= Welsh Theatre Company =

The Welsh Theatre Company was a professional theatrical company that performed in English in Wales. The Welsh language section of the company was Cwmni Theatr Cymru and the two shared workshops and technical facilities until 1973.

The Welsh Theatre Company was established in 1962 in Cardiff in Wales by the Welsh Arts Council; its first director was Warren Jenkins. The majority of the company's productions were performed in English. The company received some criticism for producing plays with English actors and Welsh actors who lived and mainly worked in England but who acted in Wales only when they couldn't find work in England instead of employing Welsh actors who were based in their native land. The company's touring productions included Molière's The Miser (1962); A Man for All Seasons (1962) with Philip Madoc as Thomas Cromwell; Period of Adjustment (1963) by Tennessee Williams; Jackie The Jumper (1965), Hamlet (1969) with Angharad Rees as Ophelia and House of Cowards by Dannie Abse. In 1970 the company intended to make the Prince of Wales Theatre, Cardiff its base, but the plan was abandoned.

==Cwmni Theatr Cymru==
Wilbert Lloyd Roberts, Head of Drama at the BBC in Cardiff, had directed Welsh language productions with a troupe of Welsh actors who worked for both the BBC and the Welsh Theatre Company. Roberts left the BBC to become director of the Welsh language section of the Welsh Theatre Company - Cwmni Theatr Cymru. Founded and based in 1968 in Bangor in Caernarfonshire, Cwmni Theatr Cymru was a touring theatre company which performed in small venues such as school and village halls in the towns of Wales. Its management committee included Dr Thomas Parry, Alun Llywelyn-Williams and Helen Ramage while the Marquess of Anglesey was the honorary president. In 1966 the company toured the Absurdist Saer Doliau (Doll Mender or Doll Doctor), a play by the Welsh playwright Gwenlyn Parry with a cast that included David Lyn. In 1972 the company toured in a Welsh language version of Molière's Le malade imaginaire which toured Wales and played at the Liverpool Playhouse. The company toured in Pethe Brau (1972), a Welsh language version of The Glass Menagerie by Tennessee Williams, in Esther by Saunders Lewis and Y Twr by Gwenlyn Parry, all three productions directed by David Lyn. The Welsh actress and teacher Elen Roger Jones performed with the company in the early 1970s.

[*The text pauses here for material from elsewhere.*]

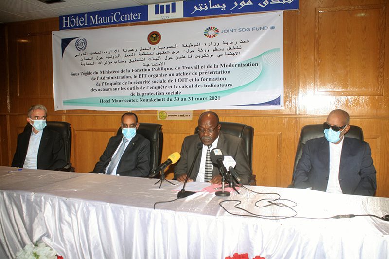 وأوضح المكلف بمهمة بوزارة الوظيفة العمومية والعمل وعصرنة الإدارة، السيد إبراهيم ولد مسعود، الأمين العام للوزارة وكالة، أن الهدف من هذه الورشة هو المساهمة في ضمان الحماية الاجتماعية لجميع الموريتانيين والحد من التفاوت بغية القضاء على الفقر، تمشيا مع مضامين برنامج رئيس الجمهورية، السيد محمد ولد الشيخ الغزواني، “تعهداتي”.

In 1973 Cwmni Theatr Cymru obtained a disused chapel in Bangor for use as its technical base making it independent from its parent company. It was the only fully professional Welsh language theatre company in Wales and it toured plays to all parts of Wales where Welsh was spoken. From 1975 the company was based in Theatr Gwynedd in Bangor and was managed by members of both the theatre and the theatre company. When a group of young Welsh-speaking actors wanted to produce more experimental plays Cwmni Theatr Cymru founded 'Adran Antur'. Cwmni Theatr Cymru also formed Cymdeithas Theatr Cymru (The Welsh Theatre Society) which was designed to publicise Welsh theatre through local representatives and committees. Cwmni Theatr Cymru closed in 1984 owing to financial problems.

A collection of Cwmni Theatr Cymru programmes and posters are held in the archive of Bangor University while the company's archive is held by the National Library of Wales.